В камере было прохладно. Может, оттого, что камеры предварительного заключения помещались в цокольном этаже, а может быть, потому, что наружные щиты на окнах не пропускали солнца. Лавров, вернувшись с допроса, разделся, аккуратно сложил брюки, по привычке расправив складки, разложил их на нарах, ковбойку повесил на деревянный колышек, забитый в стену кем-то другим, побывавшим здесь раньше. Оставшись в одних трусах, он подошел к полке, на которой лежала краюха черного хлеба, два белых батона, сливочное масло в стакане, несколько яблок и пачек десять сигарет «Новость». Достал сигарету, улегся на нарах и, изредка стряхивая пепел в щель между отполированными до блеска досками, задумался.
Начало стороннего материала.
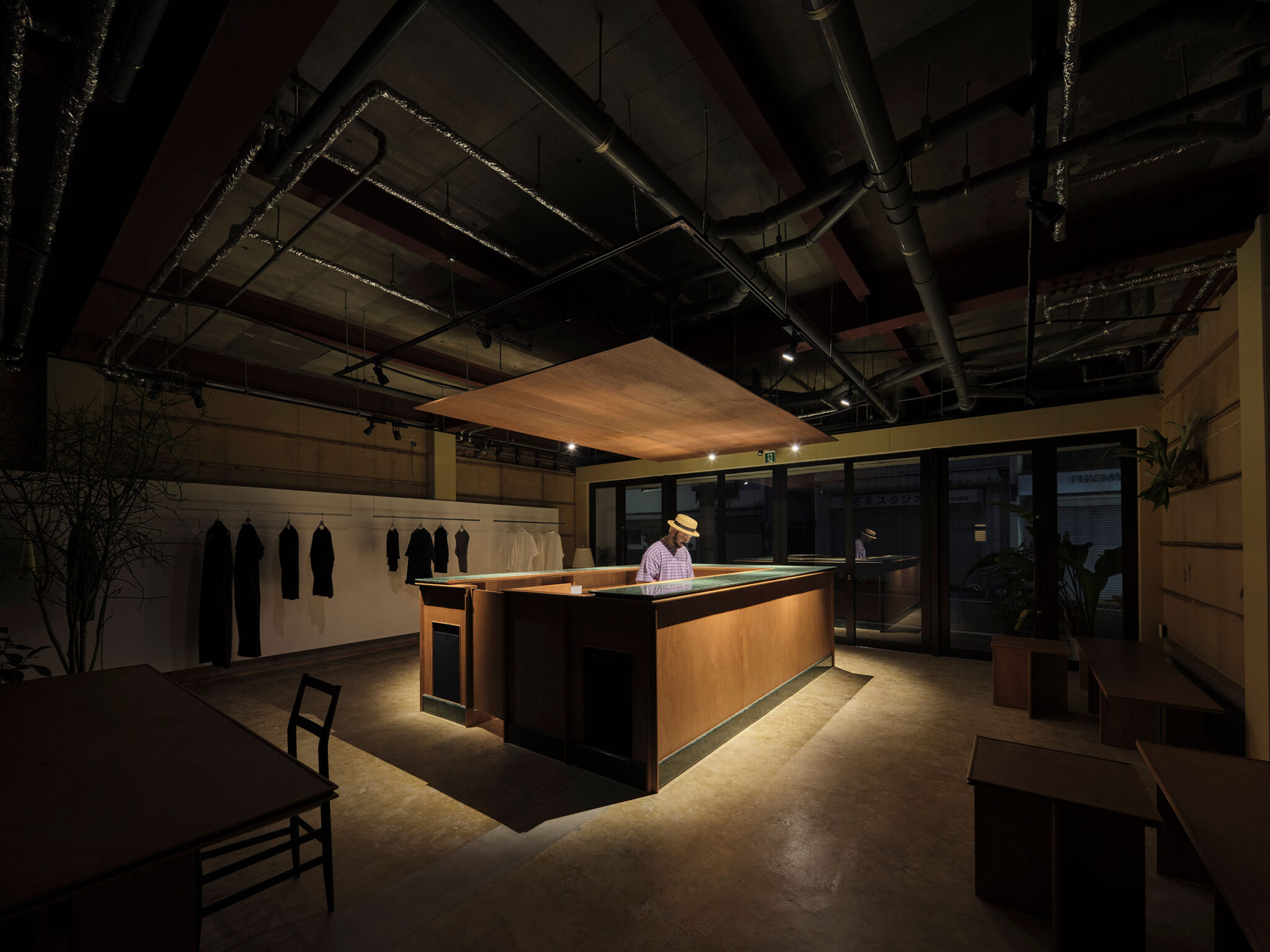 川嶋洋平建築設計事務所による、長崎・雲仙市の「THE CASE」。催し・飲食・販売を行う“多目的スペース”。気軽に交流する店主の個性を“最大限活かす”空間を求め、街と正対する様に道路側にカウンターを配置する構成を考案。一人運営を考慮して店内を一望できるようにもするカウンターからアパレルスペースを見る、夕景 photo©Koji Fujii TOREAL
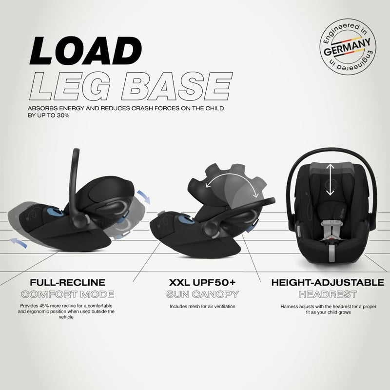 From the first trip home to countless journeys, the CYBEX Cloud G Lux Comfort Extend infant car seat makes traveling confidently with your little one a top priority. Advanced safety features including Load Leg, Linear Side Impact Protection, and Anti-Rebound Base combine with thoughtful comfort and convenience features designed to make life on the go easier. An easy-in buckle ensures hassle free loading and unloading your child into the seat. Attach in full recline mode to your preferred CYBEX stroller, transforming it into the ultimate travel system.
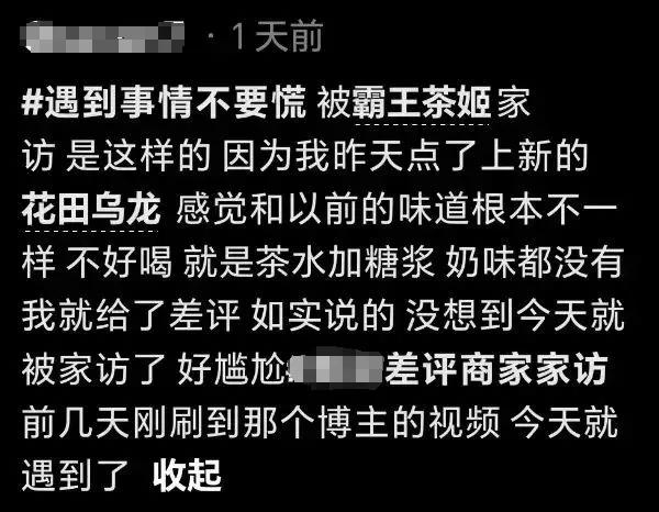 近日,一网友发布视频称,他点的霸王茶姬饮品和此前味道不同,“不好喝”,给了差评,“没想到今天就被家访了”。

Лавров был один; это в первый день его посадили в общую камеру, а потом начальник городского отдела приказал держать его отдельно. Это хорошо, что отдельно: можно думать и никто не лезет с разговорами и расспросами. Не нужно притворяться. Вот уже какой день его преследовала одна-единственная мысль, она была надоедливой, навязчивой и просто не давала покоя. Олег никак не мог понять, не мог решить для себя, почему с ним хотел расправиться этот самый Славин. Знать-то он его знал, а кто не знал Сергея-парикмахера? Несколько раз у него стригся, изредка перед торжественными днями брился. Знал, что этот Сергей «ходовой малый», встречал его на улицах с разными девчонками. Иногда он появлялся в Доме культуры. Часто бывал в сквере в беседке, играл в карты. Но он, Олег, никогда с ним не ссорился, наверное даже не сказал ему и десяти слов. Встретятся — «Сергей, здорово!», «Серега, привет», и всё. За что же этот самый Сергей хотел его пырнуть ножом? Олег отчетливо вспомнил подробности того вечера. Сегодня пошли всего шестые сутки, а кажется, что уже прошел год. Ну, если не год, то полгода обязательно. Всего нет и недели, как произошла эта злополучная встреча, а он уже без содрогания смотрит на решетку и называется убийцей. Какой же он убийца? Ведь если бы не стал обороняться, то лежал бы в земле, а на его месте сидел бы этот Сергей… Сидел бы? А может, его еще и не успели бы найти. Интересно, пошел бы Славин так же, как и он, с повинной? Тогда зачем он выбрал этот безлюдный двор и арку, где не было ни души? Уж наверно он не хотел, чтобы были свидетели. Тогда как же он узнал, что Лавров пройдет именно там? Следил за ним? Наверно, следил: ведь от подъезда, где живет Степан, есть и другой выход. Нужно сказать этому полковнику, что скорее всего так и было. Сказать? А стоит ли? Еще неизвестно, для чего он приехал из Москвы. И поверит ли полковник Олегу? Когда его привели на допрос, он сначала подумал, что снова вызывает Киселев и будет уговаривать, чтобы он, Олег, не врал про нож. Сказал бы, что никакого ножа не было, что просто была драка и убил он Славина случайно, по неосторожности. Но как же он может убить случайно совсем неповинного человека? Ведь он, зная самбо, применяет приемы в исключительных случаях. Тренер в первые же годы занятий всем им чуть ли не ежедневно твердил, что знание самбо дает огромное преимущество перед другими, что это преимущество ни в коем случае нельзя использовать без крайней необходимости, что нужно беречь спортивную честь…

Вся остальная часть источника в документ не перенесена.